What will you be doing on New Year's Eve 1999? The options for celebrating the end of this century in style are manifold. Ravers will head for the mother of all parties; clubs will break the Pounds 100-a-ticket barrier; the fountains in Trafalgar Square will run with sick; Peter Mandelson will have a nervous breakdown in the lavatories of the Millennium Dome; and Scotland will be obliged to erect barriers at Hadrian's Wall to stop overcrowding in Princes Street.

However, for the writers of Disco 2000 the fin de siecle promises a crescendo of misery, despair, madness and confusion. The message appears to be, don't make any plans for New Year's Day: the mother of all hangovers awaits.

Mancunian journalist Sarah Champion previously edited Disco Biscuits , an anthology of short stories about club culture.
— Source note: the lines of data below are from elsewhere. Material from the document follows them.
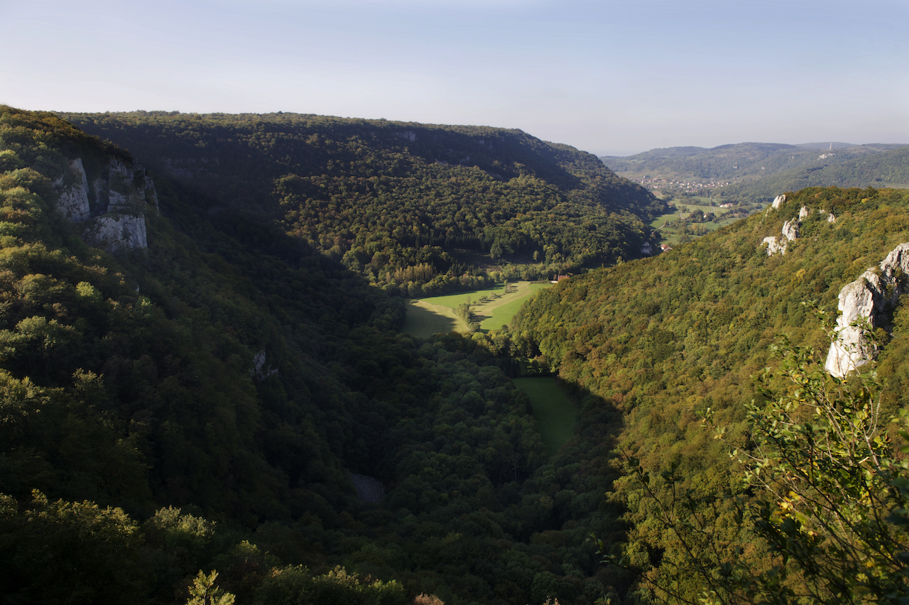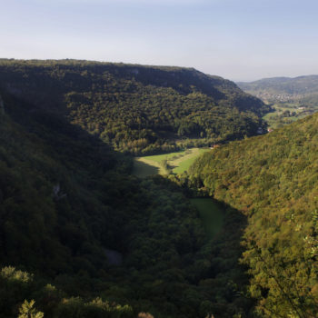 Située à deux pas d’Arbois, au cœur du Revermont, la reculée des Planches est classée au titre des sites naturels protégés et se trouve en zone Natura 2000. Elle est un véritable témoignage de la beauté des paysages du Jura. Façonnée par l’érosion du calcaire, la reculée des Planches présente un relief caractéristique du plateau karstique jurassien. Les falaises sont riches en faune ornithologique et constituent un endroit de nidification et de reproduction de rapaces. Il n’est donc pas rare d’y observer le vol de faucons pèlerin ou de choucas des tours.En suivant la vallée, de nombreuses cascades s’offrent en spectacle, dont la fameuse cascade des Tufs, alimentées par les eaux de la Cuisance, fraichement sortie de la grotte des Planches.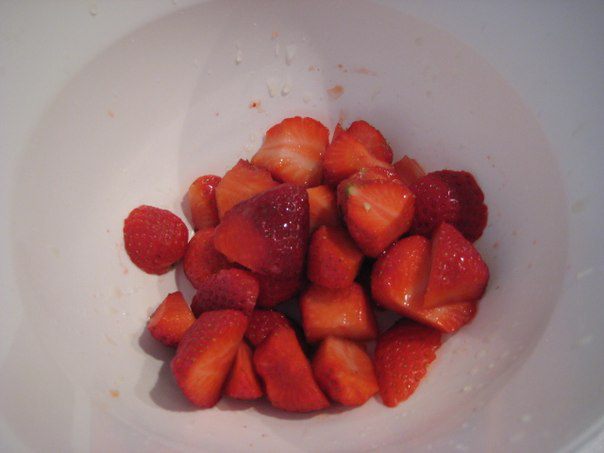 Клубнику пробить блендером с 2 ст. л. сока агавы, 1 ст. л. лимонного сока.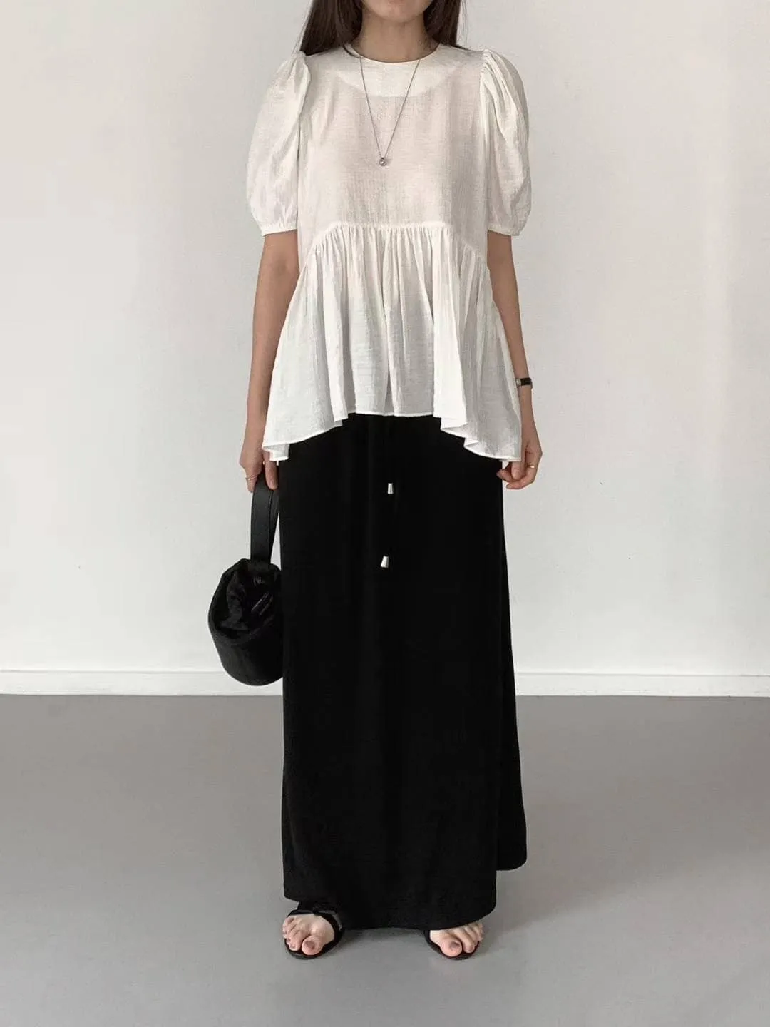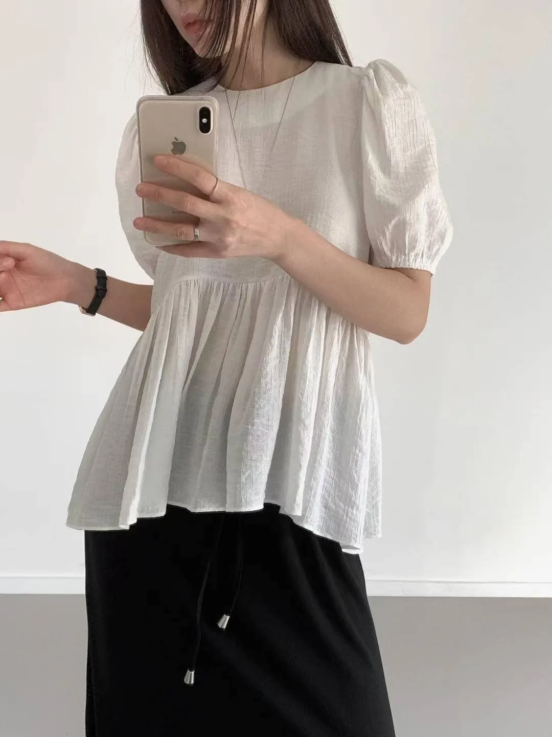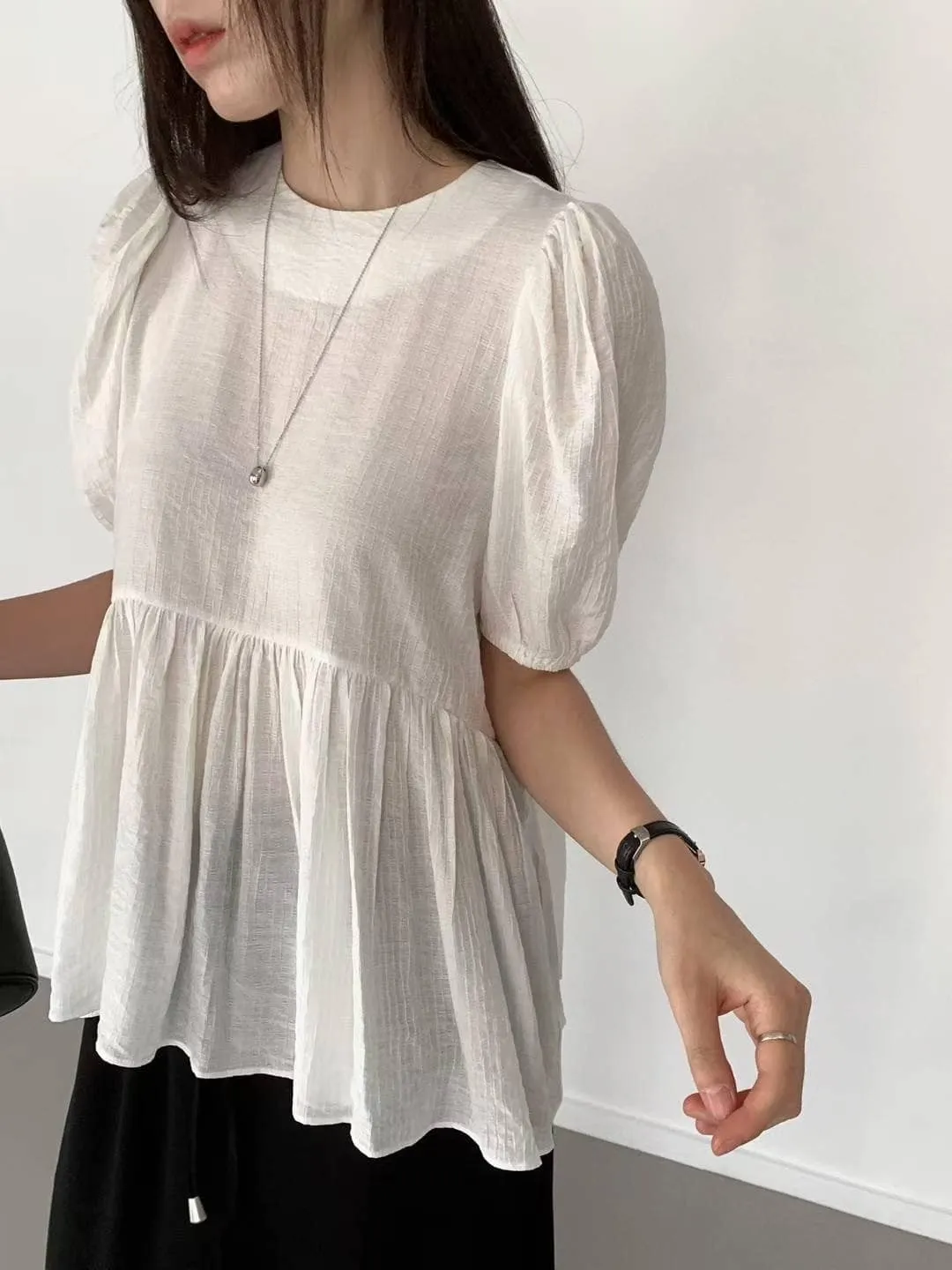微透感的裙擺長版上衣,後拉鏈穿脫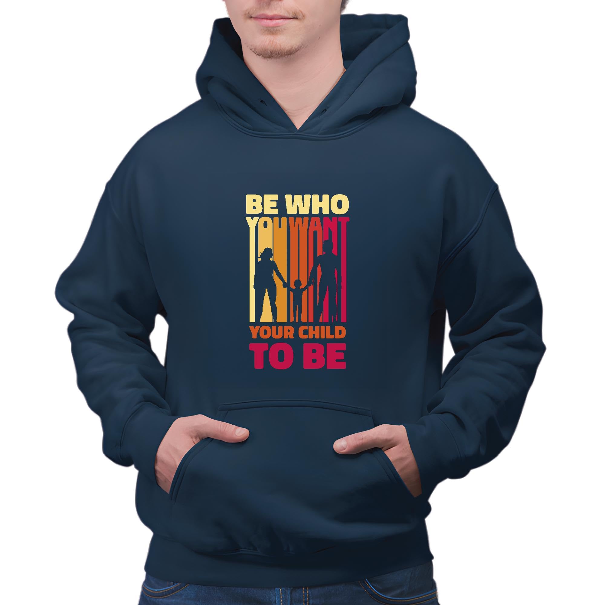 Motivational Gift Quote Be Who You Want Your Child to Be Perfect Present for Families Navy and Muticolor Unisex Hoodie

Here she assembles 19 writers - including Generation X author Douglas Coupland , cyberpunk pretender Neal Stephenson, former millionaire prankster Bill Drummond and his inspirer, Illuminatus creator Robert Anton Wilson - and asks them to imagine what the century's final moments will be like.

The elements are much the same: drugs, sex, music and violence (and several of the collection's stories become tiresomely bogged down in them) but the comedown is far worse. As the clocks measure out the final hours and minutes of 1999 we are presented with the end of civilisation, the end of culture, the end of time, the end of hope.

Pulling off that memorable New Year's Eve you've nurtured all year is a hit and miss affair anyway, but hardly anyone is having a good time here. Disco 2000 's darkest moment belongs to Steve Aylett's Gigantic, in which a scientist who warns of an impending psychic collapse is turned into a freak show by the media. The story ends with the world's major cities submerged under the corpses of a thousand years of innocent victims.

Douglas Rushkoff pursues a theme he began with last year's disappointing rave novel The Ecstasy Club , but strikes a more chilling note as his prose poem reveals a cult messiah conducting a mass suicide. Douglas Coupland pictures a man who cannot reproduce and decides to clean the 20th century out of his system. In Nicholas Blincoe's The English Astronaut, a crazed numerologist clubber descends on Jerusalem and meets his maker. Elsewhere ravers at the end of the world are stuck in a time loop; the first human clone escapes and reproduces; people mysteriously disappear; and a suicidal man is condemned to party for the rest of his life.

If it's going to be this bad, I think I'll stay in and watch telly. That way the century will end for me, as it inevitably will for the vast majority of us, not with a bang but with Michael Barrymore conducting B-list celebs in a chorus of Auld Lang Syne.